Compute drop index for each row
Description
This function returns the index of the dropped column for each row, or NA
if no column was dropped.
Usage
metric_drop_index(c_output)
Arguments
c_output |
A list containing output data to compute the drop index. |
Value
A vector of drop indices (or NA if no drop occurred).
Compute total NA count for each column
Description
This function calculates the total NA count for each column by summing the drop, section NA, and single NA metrics.
Usage
metric_na(drop, sec_na, single_na)
Arguments
drop |
A vector of drop counts for each column. |
sec_na |
A vector of section NA counts for each column. |
single_na |
A vector of single NA counts for each column. |
Value
A vector of total NA counts.
Compute section length metric for each column
Description
This function calculates the mode (most common value) of the left-out section length for each column.
Usage
metric_sec_length(c_output)
Arguments
c_output |
A list containing output data to compute the section length metric. |
Value
A vector of section length values.
Compute section NA metric for each column
Description
This function calculates the total number of section NAs for each column in the dataset.
Usage
metric_sec_na(c_output)
Arguments
c_output |
A list containing output data to compute the section NA metric. |
Value
A vector of section NA values.
Compute single NA metric for each column
Description
This function calculates the total number of single NAs for each column.
Usage
metric_single_na(c_output)
Arguments
c_output |
A list containing output data to compute the single NA metric. |
Value
A vector of single NA values.
Detect dropped observations and columns
Description
This function identifies rows and columns with dropped values in the dataset based on the c_output
.
Usage
metrics_detect(data, c_output)
Arguments
data |
The original dataset. |
c_output |
A list containing output data to detect dropped values. |
Value
A dataframe indicating the dropped rows and columns.

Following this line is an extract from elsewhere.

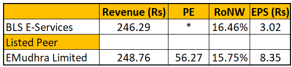 The company has only one listed peer - EMudhra Limited. Let us compare the two on FY23 financials to give you an idea of where BEL stands. Here is the comparison:
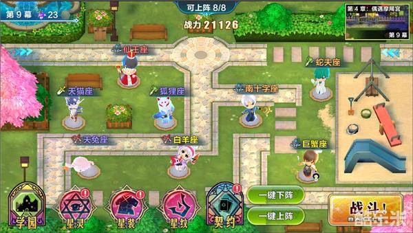 玩家可以从主界面点击守护入口,进入章节选择界面,选定章节后进入关卡选择界面,点击准备按钮后进入关卡的布阵界面。在布阵界面中,玩家可以对上阵的星灵进行操作,位置调整,调账完毕直接点击【战斗】就可以进入战斗了。闯关成功后可以结算获得闯关奖励,继续下一关守护。

Generate a summary of metrics for the dataset
Description
This function calculates a variety of metrics on the provided data and a corresponding output (c_output
).
These metrics include drop rate, section NA, section length, single NA, and the number of complete rows.
Usage
metrics_summary(data, c_output)
Arguments
data |
A dataframe containing the dataset. |
c_output |
A list or dataframe containing the computed output that helps generate the metrics. |
Value
A dataframe summarizing the computed metrics for each column.